• [Your assignment] After locating the line with "2)图计算框架的运行接口通常" below, output it and each following line exactly, stopping after the line with "A imaginação pode". No pictures.
[[ Material for this exercise open ]]
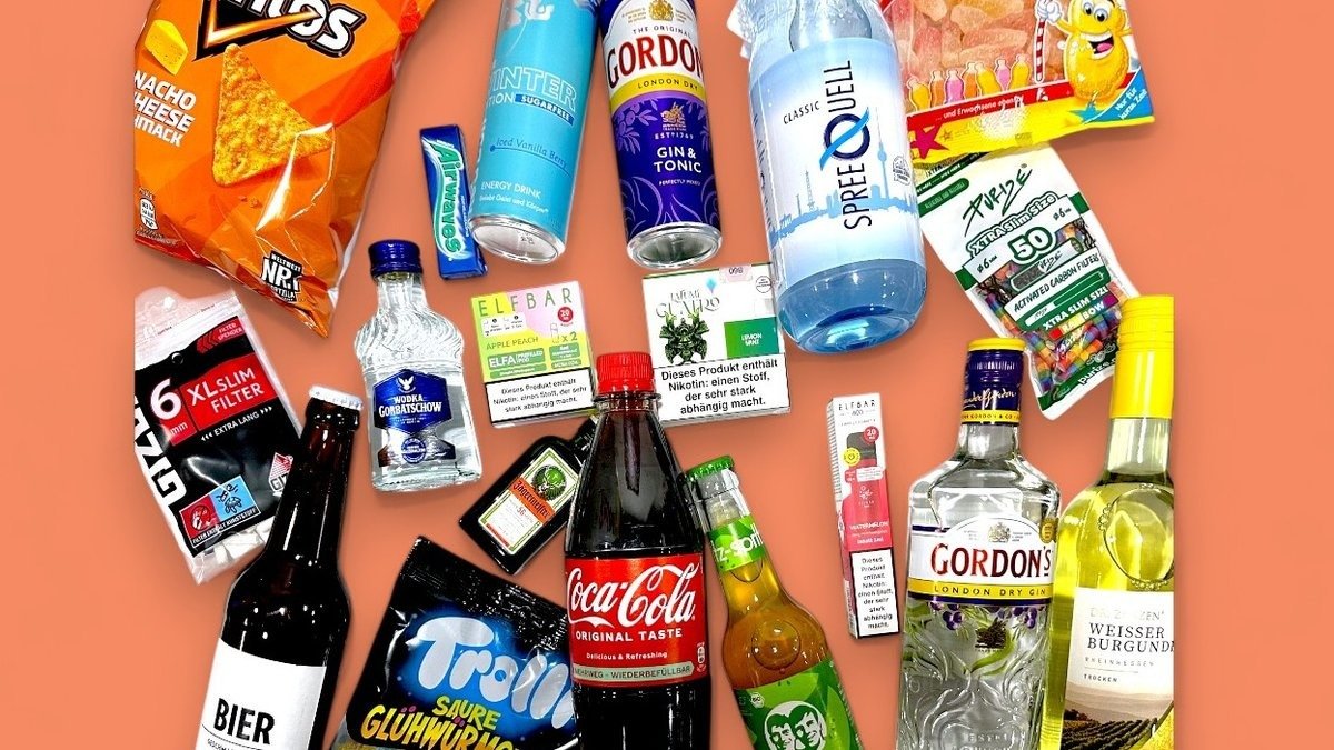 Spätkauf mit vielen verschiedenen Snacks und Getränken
[[ Material for this exercise closed ]]
[[ Material for this exercise open ]]
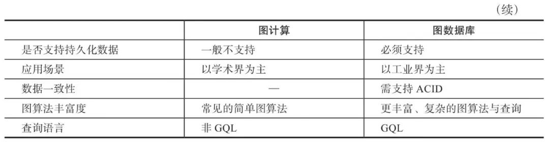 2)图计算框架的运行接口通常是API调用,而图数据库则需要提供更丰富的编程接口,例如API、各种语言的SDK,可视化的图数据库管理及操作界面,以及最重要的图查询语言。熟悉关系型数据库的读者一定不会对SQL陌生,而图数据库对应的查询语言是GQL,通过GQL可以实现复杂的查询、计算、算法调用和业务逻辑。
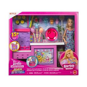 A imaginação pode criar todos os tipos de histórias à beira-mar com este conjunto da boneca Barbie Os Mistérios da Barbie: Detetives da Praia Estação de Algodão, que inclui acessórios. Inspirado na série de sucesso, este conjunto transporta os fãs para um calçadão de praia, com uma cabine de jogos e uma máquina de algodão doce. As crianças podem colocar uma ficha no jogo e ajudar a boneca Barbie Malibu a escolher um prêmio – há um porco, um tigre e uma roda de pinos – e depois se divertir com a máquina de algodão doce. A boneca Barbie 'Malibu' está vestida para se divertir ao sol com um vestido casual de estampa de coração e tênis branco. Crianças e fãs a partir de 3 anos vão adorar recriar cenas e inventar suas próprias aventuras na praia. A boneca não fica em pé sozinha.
[[ Material for this exercise closed ]]
• [Result]
 2)图计算框架的运行接口通常是API调用,而图数据库则需要提供更丰富的编程接口,例如API、各种语言的SDK,可视化的图数据库管理及操作界面,以及最重要的图查询语言。熟悉关系型数据库的读者一定不会对SQL陌生,而图数据库对应的查询语言是GQL,通过GQL可以实现复杂的查询、计算、算法调用和业务逻辑。
 A imaginação pode criar todos os tipos de histórias à beira-mar com este conjunto da boneca Barbie Os Mistérios da Barbie: Detetives da Praia Estação de Algodão, que inclui acessórios. Inspirado na série de sucesso, este conjunto transporta os fãs para um calçadão de praia, com uma cabine de jogos e uma máquina de algodão doce. As crianças podem colocar uma ficha no jogo e ajudar a boneca Barbie Malibu a escolher um prêmio – há um porco, um tigre e uma roda de pinos – e depois se divertir com a máquina de algodão doce. A boneca Barbie 'Malibu' está vestida para se divertir ao sol com um vestido casual de estampa de coração e tênis branco. Crianças e fãs a partir de 3 anos vão adorar recriar cenas e inventar suas próprias aventuras na praia. A boneca não fica em pé sozinha.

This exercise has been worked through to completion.